Didn't cost me anything apart from the cost of the gearbox oil which I wasn't going to argue about.

Ford Focus Clutches - Honest John Appears on BBC TV - galileo

Not sure i have seen many case of early clutch expires on the ford focus. I am sure it would be all over the sites if it was.

Clutches are not covered under any warranties as far as I know, unless any one can correct me.

Hyundai warranty covers clutches to 60,000 miles/24 months.

(And brake friction materials to 20,000 miles/24 months)

Ford Focus Clutches - Honest John Appears on BBC TV - skidpan

Engines have changed massively over the last few years, increasingly we have smaller capacity engines than previously but because of forced induction and variable valve timing etc they can provide enough power for adequate performance...but importantly for this subject they often lack the low engine speed torque .......

This lack of low speed torque infuriates me

You are talking about 2 totally different egine types with totally diffferent charisteristics.

I have owned and test driven several modern petrol engines with variable valve timing and have to agree the lack of torque is totally infuriating. They go well enough if you rev them hard but its not a relaxing way to drive and its not good for fuel consumption. Its what converted me into a diesel buyer.

But as the current owner of a 1.4 TSi Seat Leon I can assure you that small modern petrol turbo's do not drive like that. Its just like a diesel but with no lag below 1500 rpm whatsoever and a power band form just over tickover to 6000 rpm. I have to say the Seat engine is the best of its type I have tried but the Ford 1600 turbo petrol in the Volvo V40 was also very good as was the BMW 1600 turbo petrol in the 116i.
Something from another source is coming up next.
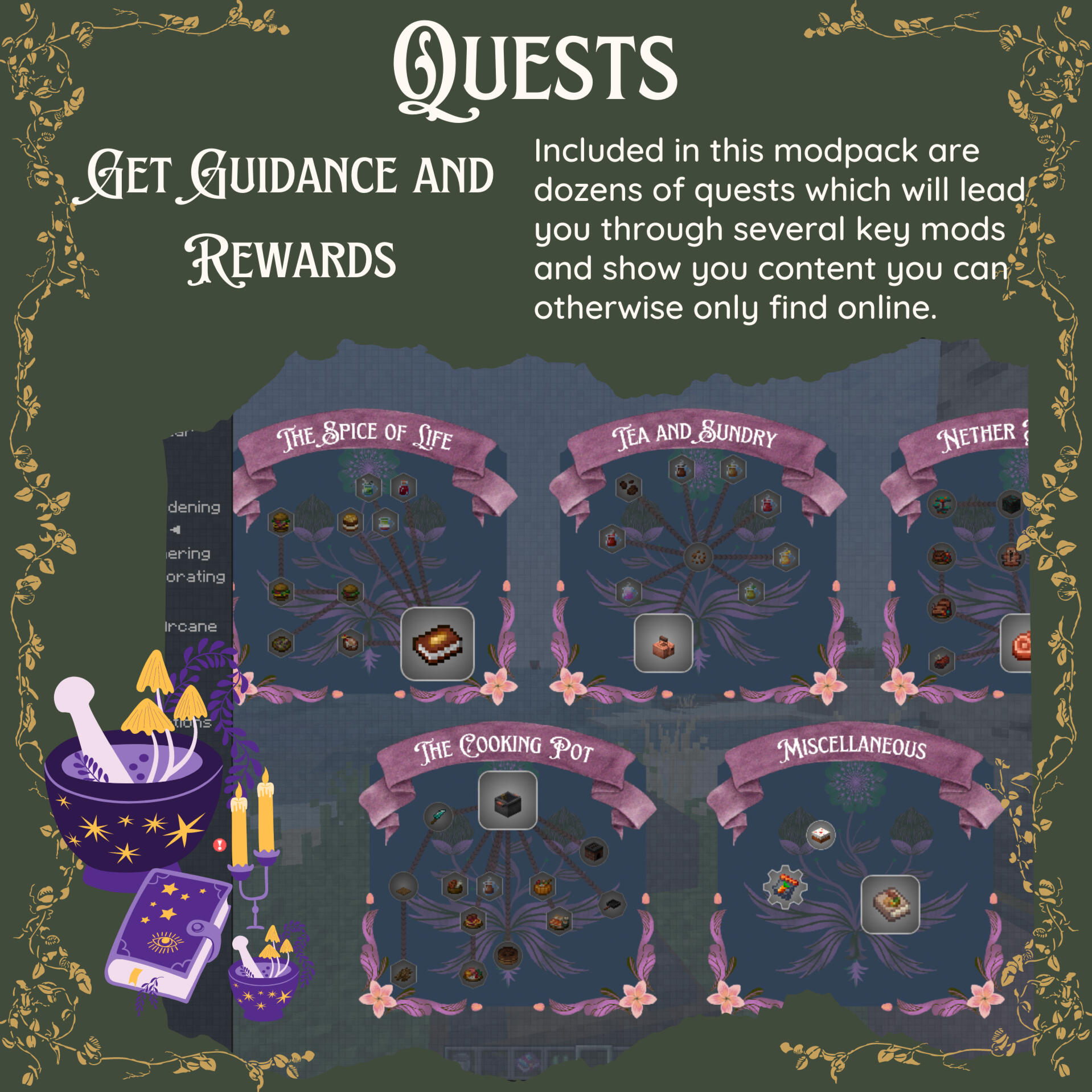 Welcome to the Quests section of Cottage Witch, a modpack that offers a unique questing experience for players of all skill levels. Using FTB Quests, there are hundreds of paths to follow, each designed to inform and reward players as they progress through the game.Whether you're a collector, a combat enthusiast, an automation expert, or simply love taming animals, there's a quest or two for everyone. As you complete quests, you'll earn rewards like experience points, rare items, and more! And with a wide range of quest types, from exploration and combat to crafting and automation, you'll always have something new to discover.But the quests in Cottage Witch are more than just a way to earn rewards - they're also designed to teach players about the different mods in the pack. As you progress through the game, you'll learn about kitchen witchery, herbalism, and other magical practices that will help you become a powerful and skilled witch.

I have almost certainly bought my last turbo diesel, replacement for wifes car will be a turbo petrol, brand yet to be decided, it depends on the builders quotes.
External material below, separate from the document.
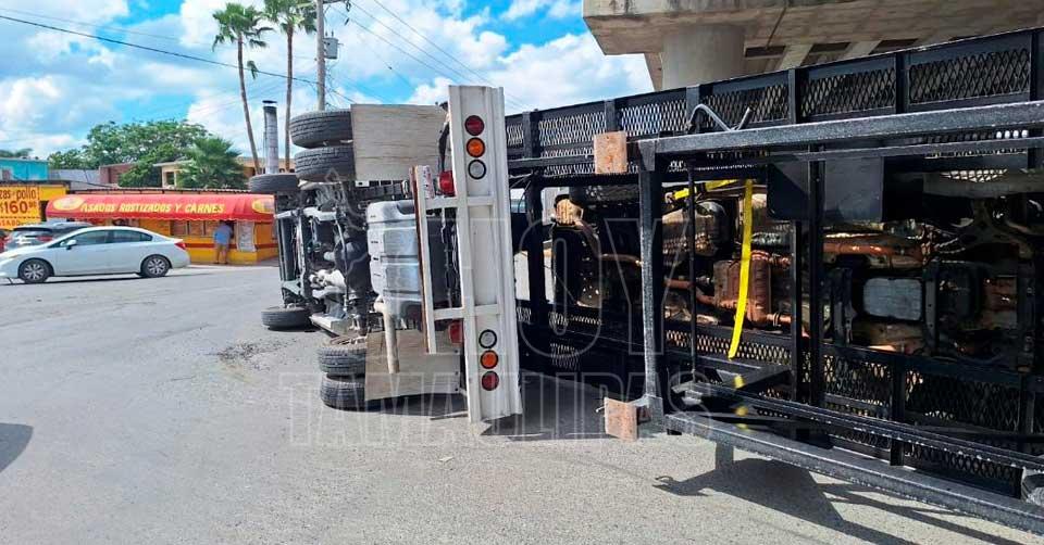 Vuelca nodriza que transportaba vehículos hacia un yonke en Matamoros

Ford Focus Clutches - Honest John Appears on BBC TV - Engineer Andy

One of the downsides (unless you like thrashing your motor [Type-R drivers]) of owning a Japanese car I suppose.

For me (as a said Japanese car owner [Mazda3 mk1]) it occasionally can be a source of annoyance, as you say, having to drop a cog and boot it quite hard to overtake, sometimes frustratingly so on motorways where it makes progress not smooth at all if overtaking is the order of the day (rather than sticking behind the 60mph middle-lane brigade). My 1.6 petrol only come alive after 5,000 revs, sounding like a thrashed lawnmower in the process.
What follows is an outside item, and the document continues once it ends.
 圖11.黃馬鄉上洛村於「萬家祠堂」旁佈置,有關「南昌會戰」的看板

What I find is stopping me from buying the smaller to mid-sized light turbo engines is the (IMO) generally poor engineering quality of many of the cars they are mated to - too many have long lists of 'inherant faults' and recalls that keeps me from buying them, never mind the overall poorer owning/dealership experience (even factoring in Mazda UK's lower-than-average performance compared to other Far Eastern marques).

For all the great things about the performance, handling and looks of these smaller engined petrol turbos (my faves currently are the [in order] VW Golf 3dr 1.4 ACT GT and its cousins [same engine] the SEAT Leon SC and Audi A3), they just have too many issues, including (IMO):

Reliability problems they appear to have and of those generally with similar VAG cars (more European makes as well) that HJ has recorded (e.g. poor quality springs that don't last, use of cheap/poor quality components that last nexe to no time, dodgy electrics, insufficient [in my view] testing of components together and for long enough to find faults [too many options]);

Poorly-thought-out instrumentation layouts - odd indicator stalk/button configurations, and;

Poorly-thought-out engine bay layouts - batteries in difficult to get to places for jump starting/replacement, similarly for headlamp replacements (having to remove components/take an hour when it should be a quick 5-10 min job).

For the sake of a bit of occasional annoyance when driving, I'll take that but with most other things as I want them over constant trips to the dealership over faults and breakdowns any day. A shame really, as the cars I lists are really good in many other respects.

Ford Focus Clutches - Honest John Appears on BBC TV - daveyK_UK

I have heard a few stories about 1.0 eco boost petrol engine clutch failures in the Fiesta and B-Max.

Does this apply to all Ford vehicles with the 1.0 engine or is it unique to the Fiesta and B-max?